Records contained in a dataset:
Segment Open

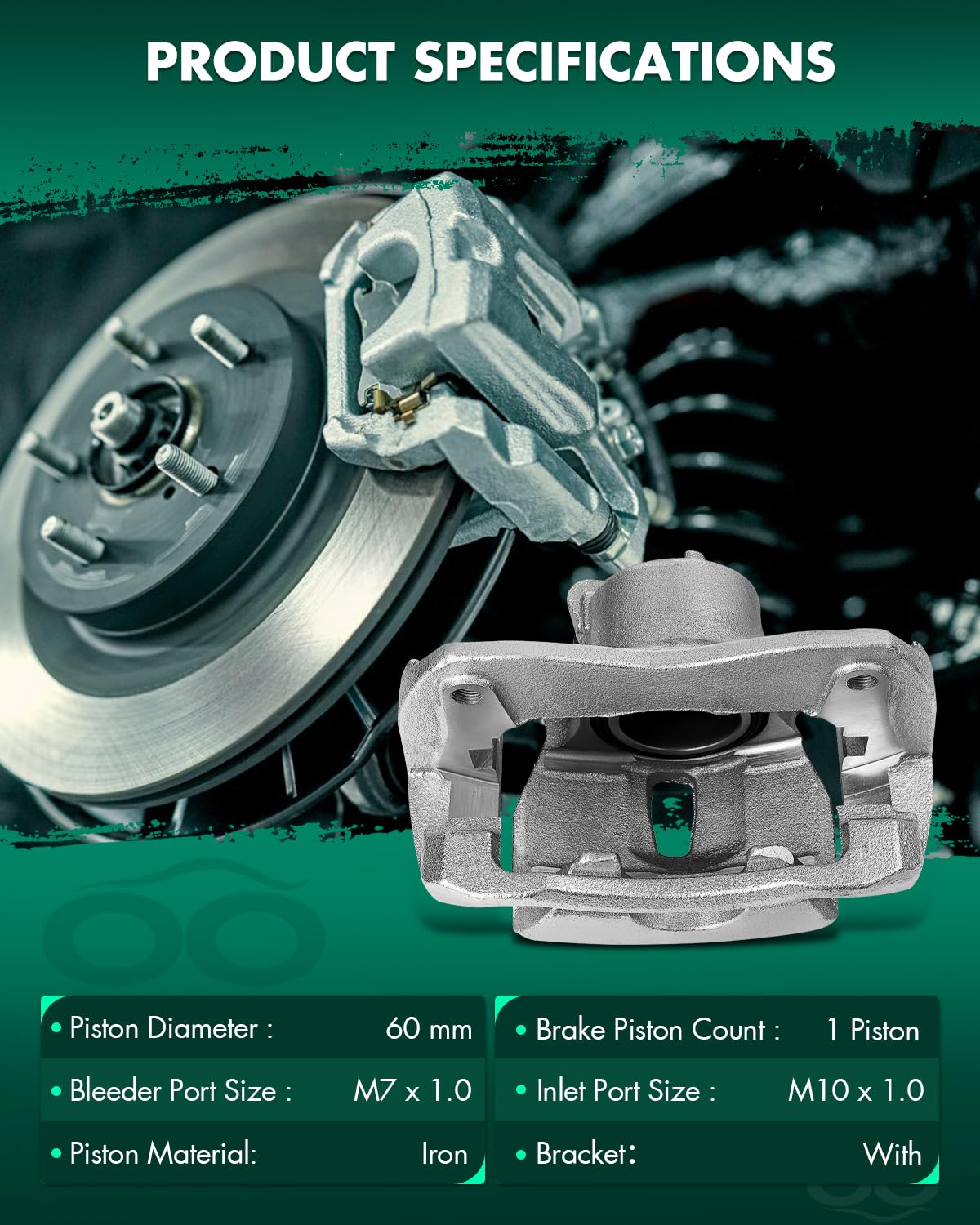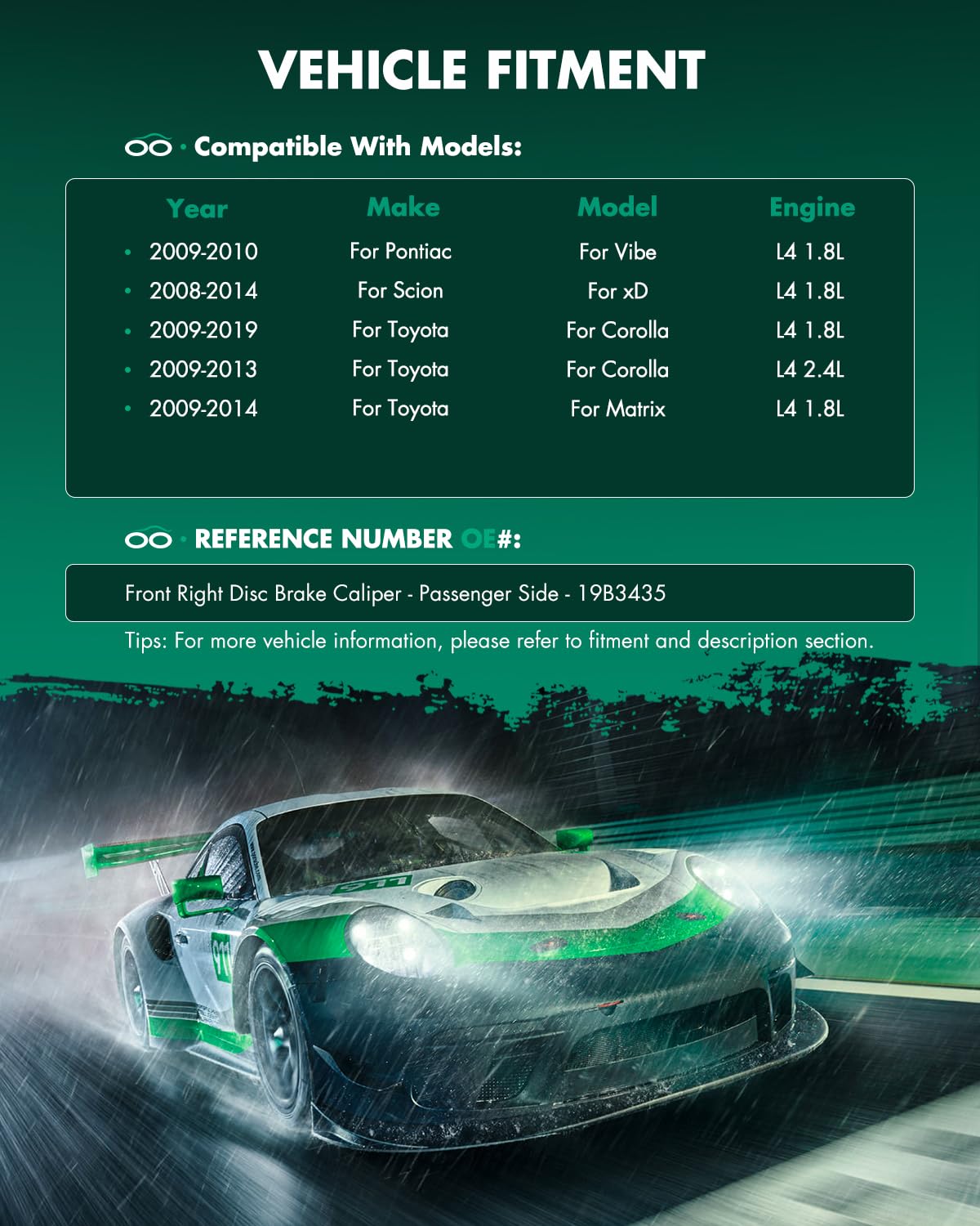 Specification:Placement on Vehicle: Front Right (Passenger Side)Brake Calipers:Bracket: withInlet Port Size: M10 x 1.0Bleeder Port Size: M7 x 1.0Piston Size: 60mmBrake Piston Count: 1 PistonPiston Material: IronCaliper Finish: ZincificationInterchange Part Number: 19B3435Package Includes: 1 x Brake CaliperCompatible with:(For More Details, Please Check ''FITMENT'' in the Upper Left Corner)For Pontiac Vibe Base Wagon 4-Door 1.8L 2009-2010For Scion xD Base Hatchback 4-Door 1.8L 2008-2014For Toyota Corolla 50th Anniversary Special Edition Sedan 4-Door 1.8L 2017For Toyota Corolla Base Sedan 4-Door 1.8L 2009-2011 2014-2019For Toyota Corolla C Sedan 4-Door 1.8L 2014-2017For Toyota Corolla CE Sedan 4-Door 1.8L 2009-2019For Toyota Corolla L Sedan 4-Door 1.8L 2012-2019For Toyota Corolla Le Eco Plus Sedan 4-Door 1.8L 2014For Toyota Corolla LE Eco Sedan 4-Door 1.8L 2014-2019For Toyota Corolla LE Sedan 4-Door 1.8L 2009-2019For Toyota Corolla S Plus Sedan 4-Door 1.8L 2014-2016For Toyota Corolla S Sedan 4-Door 1.8L 2009-2016For Toyota Corolla SE Hatchback 4-Door 1.8L 2019For Toyota Corolla SE Plus Sedan 4-Door 1.8L 2017-2019For Toyota Corolla SE Sedan 4-Door 1.8L 2017-2019For Toyota Corolla Special Edition Sedan 4-Door 1.8L 2016For Toyota Corolla XLE Sedan 4-Door 1.8L 2009-2013 2017-2019For Toyota Corolla XRS Sedan 4-Door 2.4L 2009-2013For Toyota Corolla XSE Hatchback 4-Door 1.8L 2019For Toyota Corolla XSE Sedan 4-Door 1.8L 2017-2019For Toyota Matrix Base Wagon 4-Door 1.8L 2009-2014
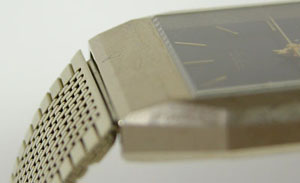 スライド。バックルに超硬質風ミラー仕上げ。ケースが超硬質ケースなのでブレスも同じような光沢にするのが流行った時期がありました。
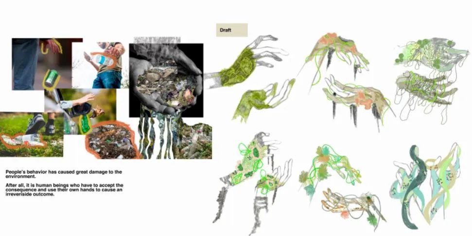 我用塑料材質(zhì)(塑料管、泡泡紙)、金素材質(zhì)和網(wǎng)狀材料來代表污染物,給他們?nèi)旧靡恍┟€、碎布、紗線、毛氈來表現(xiàn)植物的質(zhì)感,將這兩種反差很大的材質(zhì)通過編織、縫線等等的方式結合到一起,來體現(xiàn)我的主題,污染和自然環(huán)境互相滲透。
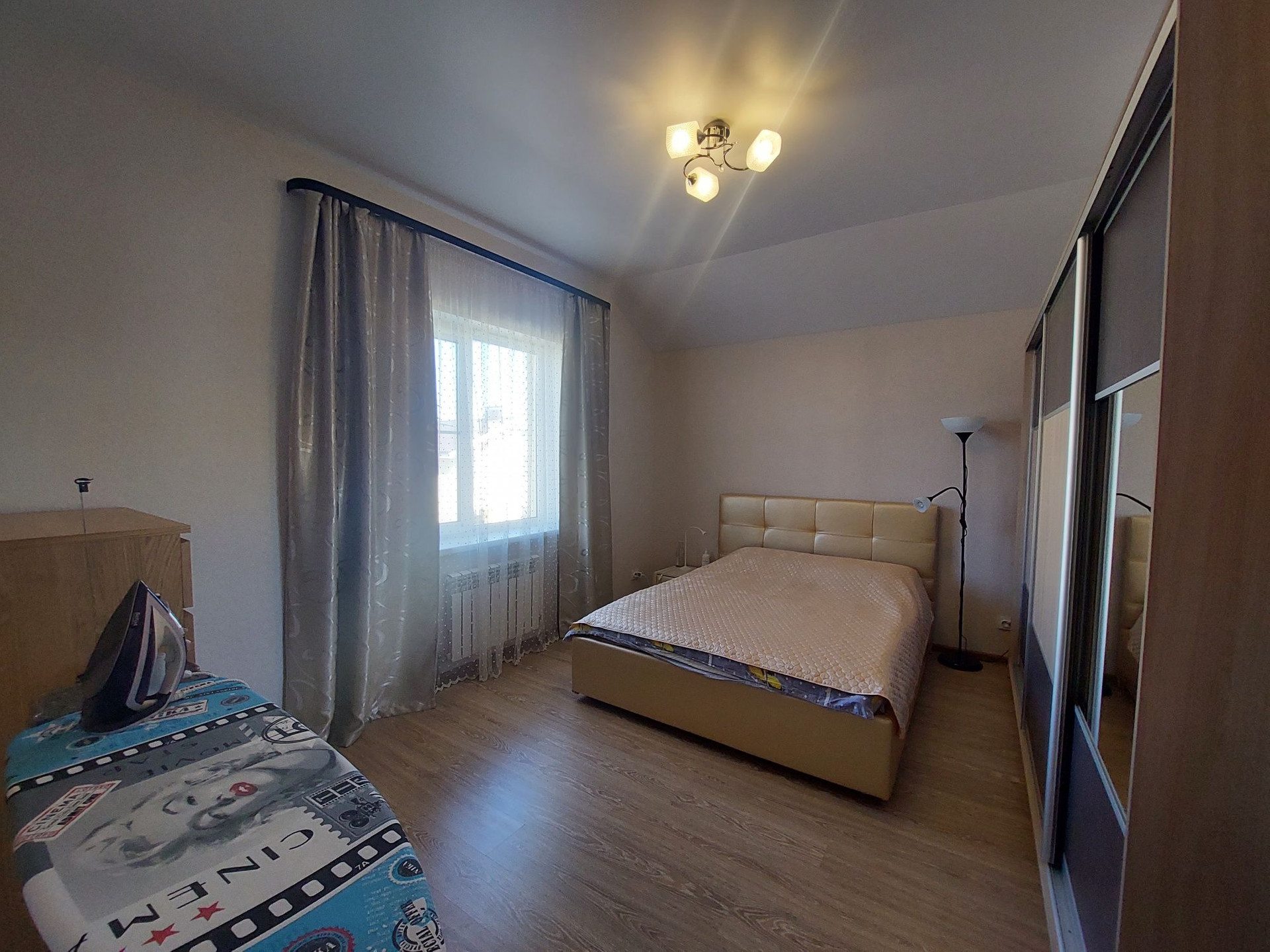 (Спальня: кровать с подьемным механизмом и ортопедическим матрасом фирмы "Мягкий сон", шкаф-купе во всю стену)
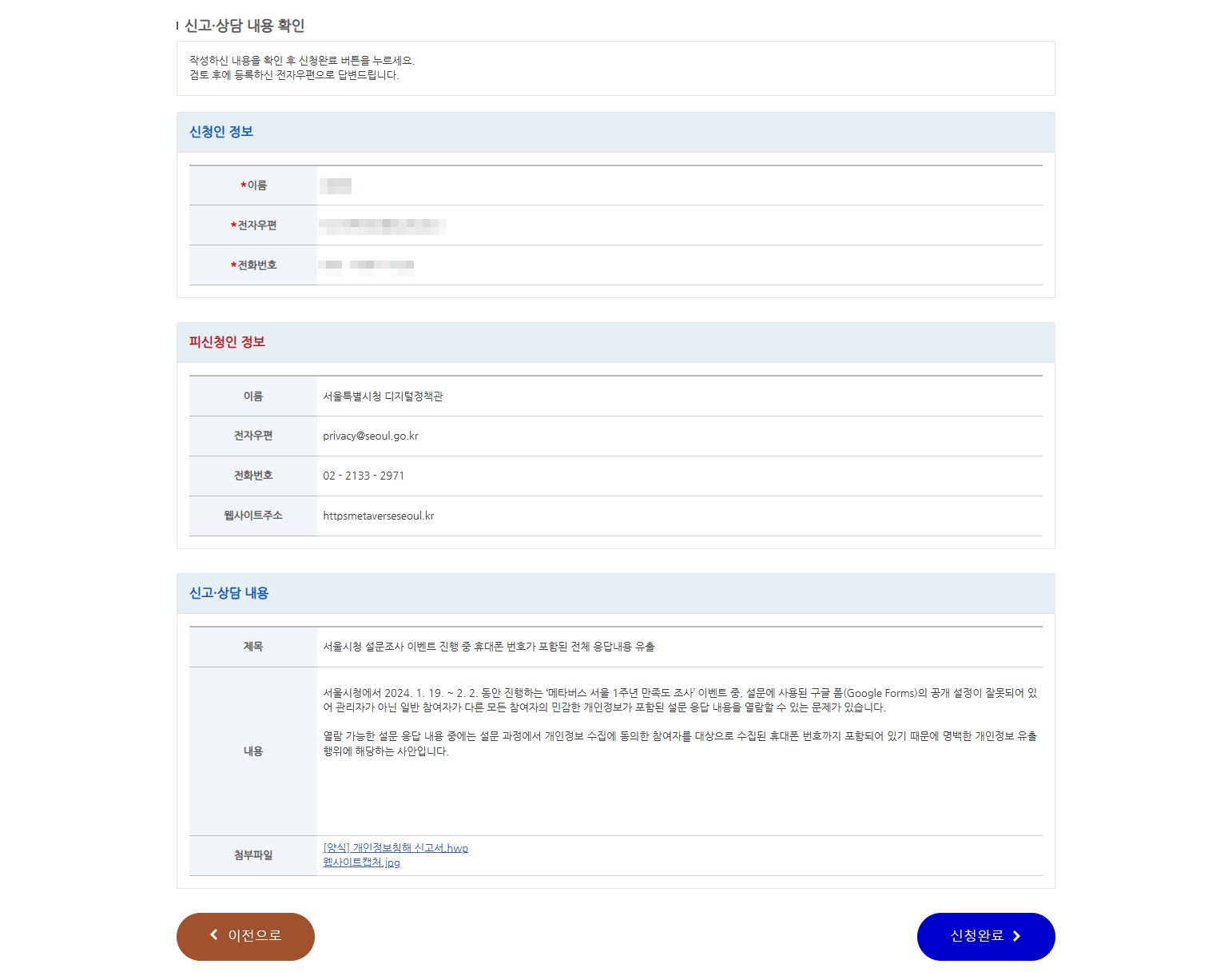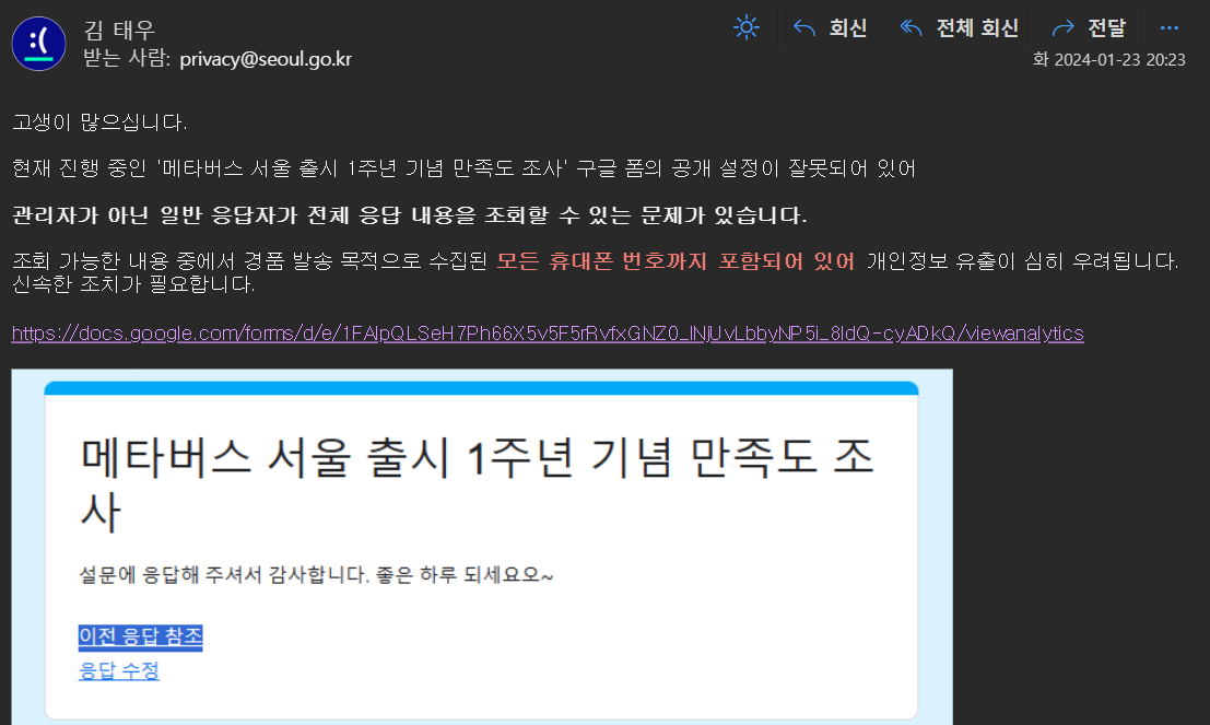 유출 사실 인지 직후 관리자 권한 없이 답변 내용에 접근할 수 없게 경로를 차단하였습니다. 혹시 모를 피해를 최소화하기 위하여 모르는 번호로 전화를 수신받거나, 서울시를 사칭하여 이벤트 당첨을 안내하는 연락에 주의를 부탁드립니다. 만족도 조사 이벤트의 결과는 메타버스 서울 공식 인스타그램에 게시할 예정이며, 당첨자에게는 추가 정보 요청 없이 경품이 지급될 예정입니다.
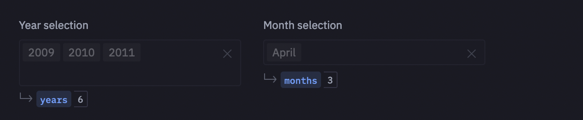 Next, we will use the original dataframe to get a list of the available years (years present in the data) as well as the available months. We then feed these lists into a dropdown input such that users have full control over which years and months they want to analyze.
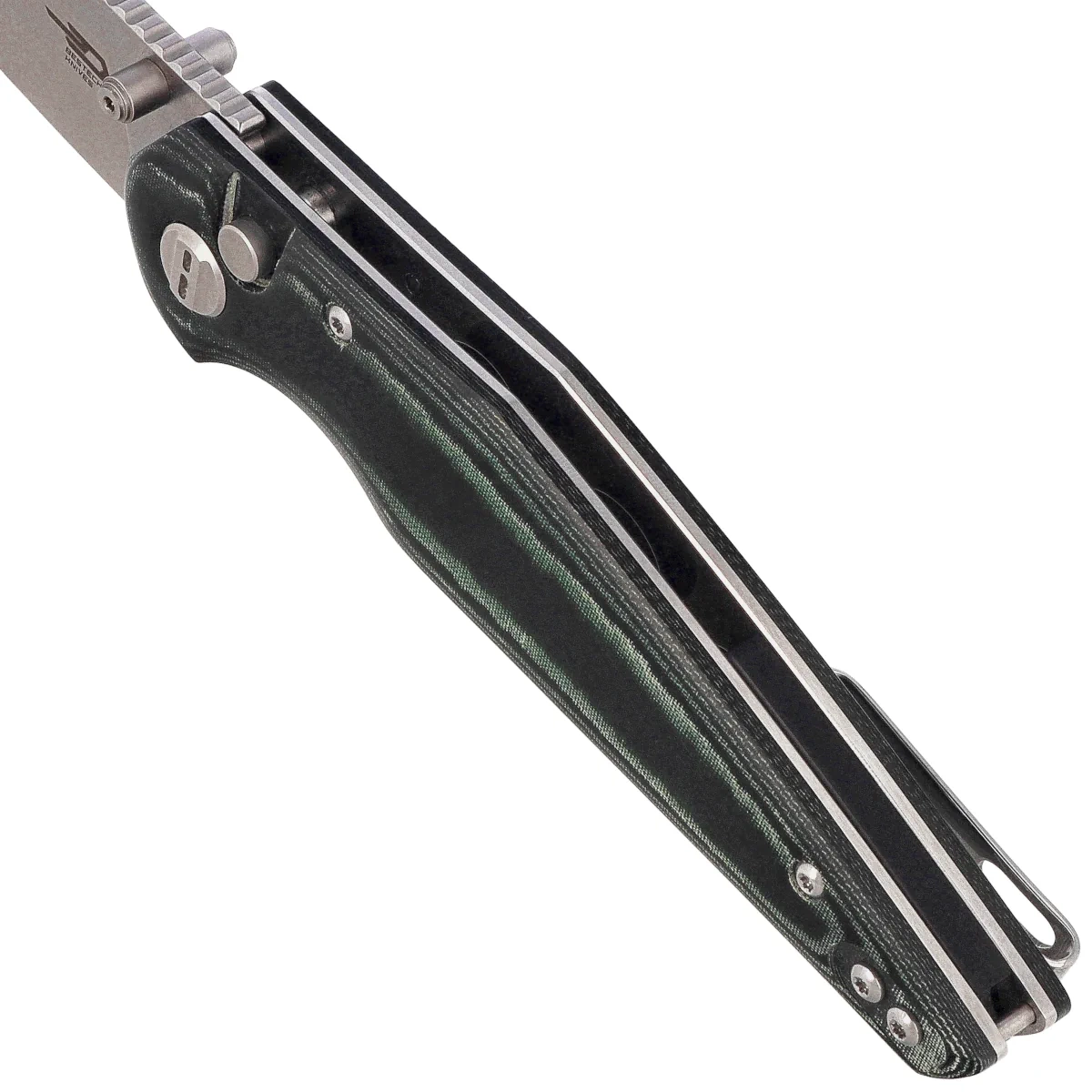 Rękojeść - okładziny z kompozytu Micarta zostały zamontowane na stalowych linersach, zapewniając wytrzymałość przy zachowaniu lekkości całej konstrukcji. Ergonomiczny kształt wspiera naturalny układ palców, a wyraźna faktura materiału pozwala zachować pewność chwytu nawet w trudnych warunkach. Na grzbiecie znalazło się frezowanie (jimping) zwiększające kontrolę podczas pracy. Całość uzupełnia dwustronny (prawa/lewa) stalowy klips deep carry.

Segment Closed

> **YOUR TASK**: Output exactly and only the lines from the line containing "유출 사실 인지 직후" to the end of the entries, both included, and omit every picture.

> **YOUR SOLUTION**:
 유출 사실 인지 직후 관리자 권한 없이 답변 내용에 접근할 수 없게 경로를 차단하였습니다. 혹시 모를 피해를 최소화하기 위하여 모르는 번호로 전화를 수신받거나, 서울시를 사칭하여 이벤트 당첨을 안내하는 연락에 주의를 부탁드립니다. 만족도 조사 이벤트의 결과는 메타버스 서울 공식 인스타그램에 게시할 예정이며, 당첨자에게는 추가 정보 요청 없이 경품이 지급될 예정입니다.
 Next, we will use the original dataframe to get a list of the available years (years present in the data) as well as the available months. We then feed these lists into a dropdown input such that users have full control over which years and months they want to analyze.
 Rękojeść - okładziny z kompozytu Micarta zostały zamontowane na stalowych linersach, zapewniając wytrzymałość przy zachowaniu lekkości całej konstrukcji. Ergonomiczny kształt wspiera naturalny układ palców, a wyraźna faktura materiału pozwala zachować pewność chwytu nawet w trudnych warunkach. Na grzbiecie znalazło się frezowanie (jimping) zwiększające kontrolę podczas pracy. Całość uzupełnia dwustronny (prawa/lewa) stalowy klips deep carry.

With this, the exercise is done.